What just happened? A recent post on Intel’s employee-only portal titled, “AMD competitive profile: Where we go toe-to-toe, why they are resurgent, which chips of ours beat theirs,” has found its way to Reddit and offers a fascinating glimpse into how Intel perceives one of its largest competitors and the challenges it is posing to some of its divisions.

Lisa Su’s turnaround of AMD since taking over as CEO in late 2014 has been nothing short of remarkable. The chipmaker is putting up a much better fight – across multiple industries, mind you – and both consumers and investors have taken notice.

Chief rival Intel hasn’t turned a blind eye, either.

Penned by Walden Kirsch as part of “the latest in a Circuit News series on Intel’s major competitors,” the piece notes how AMD was the best-performing stock on the S&P 500 last year and enjoyed its second straight year of greater than 20 percent annual revenue growth in 2018. One of the reasons for AMD’s resurgence, Kirsch surmises, is its strategic re-focus on high-performance products in the desktop, datacenter and server markets.

Specifically, Kirsch highlighted AMD’s use of TSMC’s 7nm manufacturing process, victories in public cloud offerings and its next-gen Zen-core products as factors that will “amplify the near-term competitive challenge from AMD.”

As such, Intel will face “tough competitive challenges” today and into the near future, said Intel’s AMD competitive expert Steve Collins.

The company believes its 9th Gen Core processors will beat AMD’s Ryzen-based products in lightly threaded productivity benchmarks as well as in gaming benchmarks. With regard to multi-threaded workloads, Intel said AMD’s Matisse “is expected to lead.”

AMD gains a significant advantage in utilizing TSMC’s 7nm process – namely, a per-core frequency bump and lower power, meaning they can scale to more cores per processor. What’s more, Intel said AMD’s pricing will be significantly below theirs “so they’ll likely get good performance-per-dollar,” Collins said.

Digging in on the pricing argument, Collins had this to say:

It's not well understood that Intel actually offers the market a larger selection of product pricing. While the press often likes to focus on Intel's top price points being higher than AMD's top price, few people recognize that Intel also offers lower entry pricing than AMD. So Intel offers more price point choices to our customers.

Adding a bit of positive spin…

Additionally, I would say users don't buy a chip. They buy a system. They buy a whole solution that includes software enabling, vendor enabling, validation, technical support, manageability, out-of-box experience, supplier sustained consistency, and more. So, yes, while an OEM or ODM might buy a chip, the end user doesn't generally buy only a chip. We believe that our product pricing vis-à-vis AMD reflects the great deal of added value that specifically comes from buying Intel with our decades of unmatched investments in validation, software, and security.

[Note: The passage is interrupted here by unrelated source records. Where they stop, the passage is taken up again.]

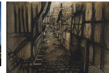
A London street like Pudding Lane in 1666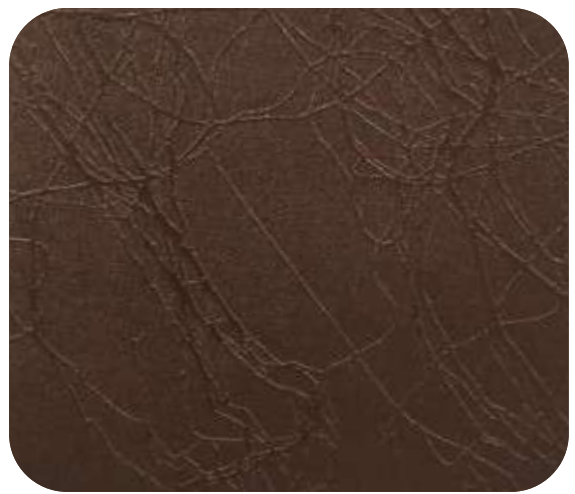
BREZZA - 504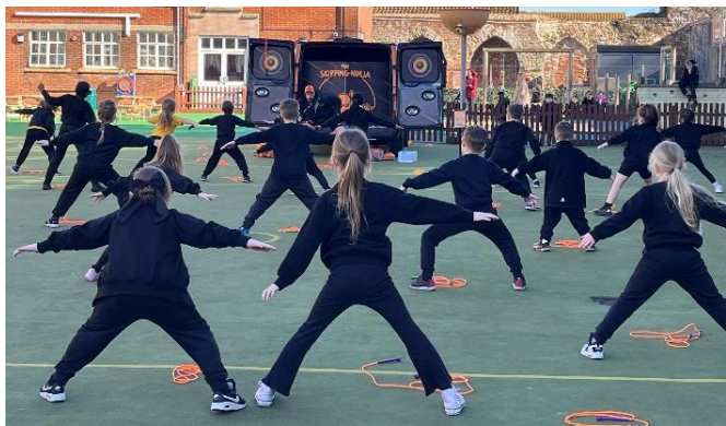
Year 2 children with the 'Skipping Ninja'

Alongside our day-to-day learning, we have had a visit from the skipping Ninja, enjoyed parading around the market in our wonderful costumes on World Book Day, were excited by the bangs and experiments at the science show and even enjoyed a visit from RaiseKids who gave us an immersive Easter experience!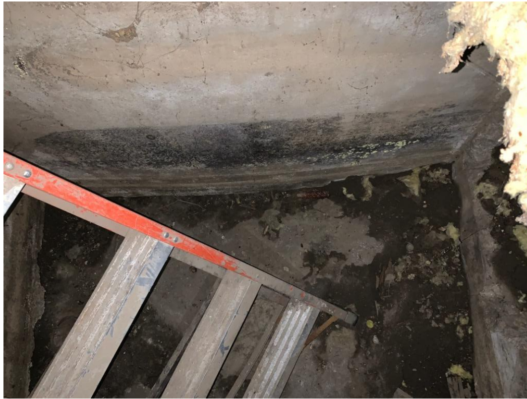
Crawl space shows mold and water damage.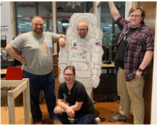
Some of TVCOG's Board members and Zone Coordinators celebrate Yuri's Night, one of our themed social nights for members.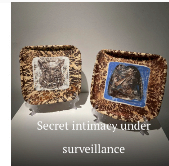
Secret intimacy under surveillance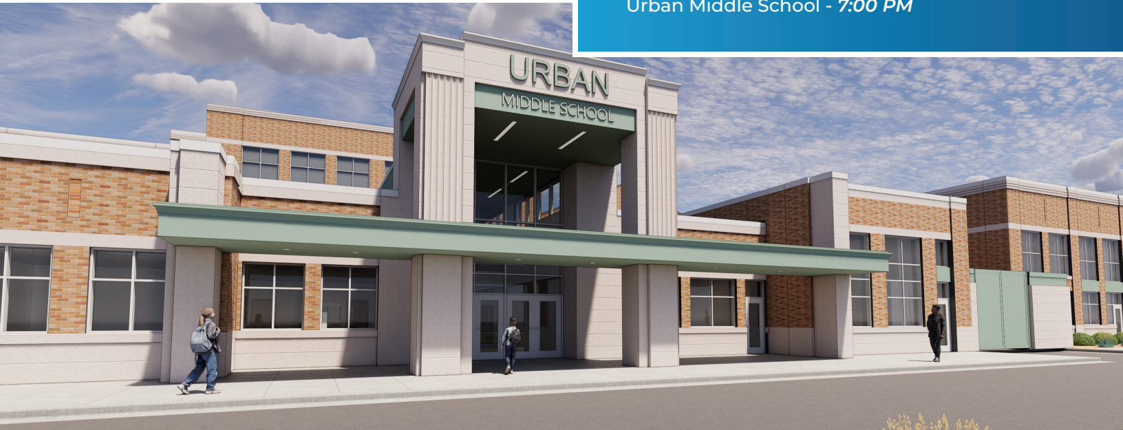
Urban Middle School Entrance Preliminary Rendering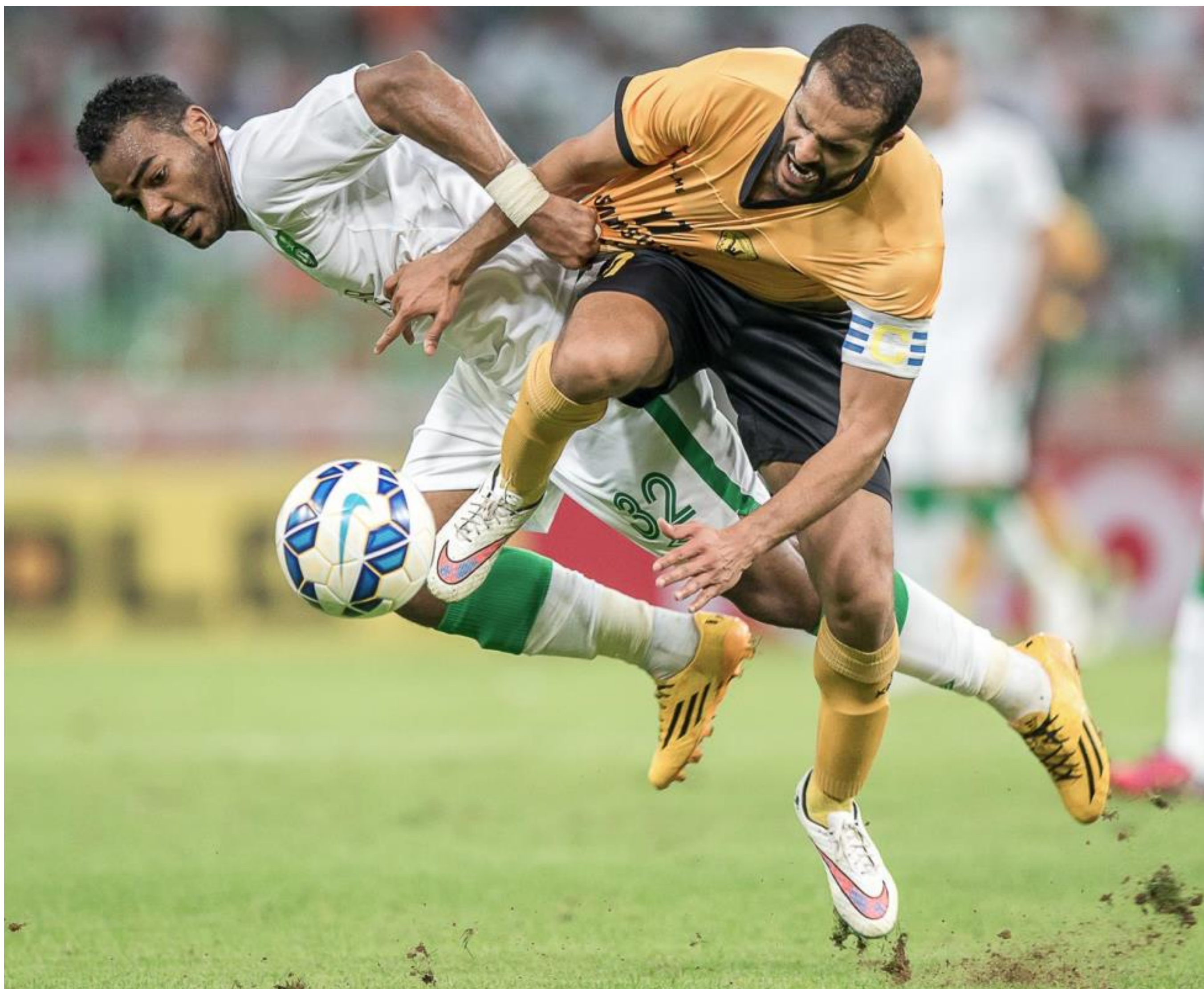
HONORABLE MENTION - TOUGHEST by FAISAL ALLOUGHANI (KUWAIT)

And on the enterprise side…

Especially for enterprise customers, acquisition cost is just one part of the total cost of ownership. Customers using an alternative solution may need additional validation, optimization, debugging, and certifications - all normal cost adders when introducing a new solution in an IT environment. Additionally, some software is licensed per core and therefore more cores from the AMD solution results in higher licensing costs.

On the server side, Intel said its mainstream Xeon server products “will be challenged on throughput-oriented benchmarks that scale well with core count.” The chipmaker expects Xeon to have cache and memory latency advantages over AMD’s Rome product for servers and thus, be competitive “on applications that require fast response times and are sensitive to memory latencies like database, analytics, web serving, and so on.”

Also of interest is Intel’s viewpoint on the Cinebench benchmark.

In the longstanding industry debate over benchmarks - whose to use? - Cinebench is often used by AMD, since it favors high core/thread count and represents one of the best-case benchmarks for AMD. Intel believes that Cinebench is not a representative benchmark for general platform evaluations and real life workloads.

Intel’s self-professed “secret sauce,” which one employee said “makes me cringe,” isn’t a single ingredient at all but rather, its six pillars of innovation – process, architecture, memory, interconnect, security and software.

The write-up concludes with a Q&A session with Collins that expands on many of the article's earlier points. It really is an interesting look from the inside, even if it is spin-heavy in a few areas. It's also thought-provoking that not all employees are drinking the Kool-Aid.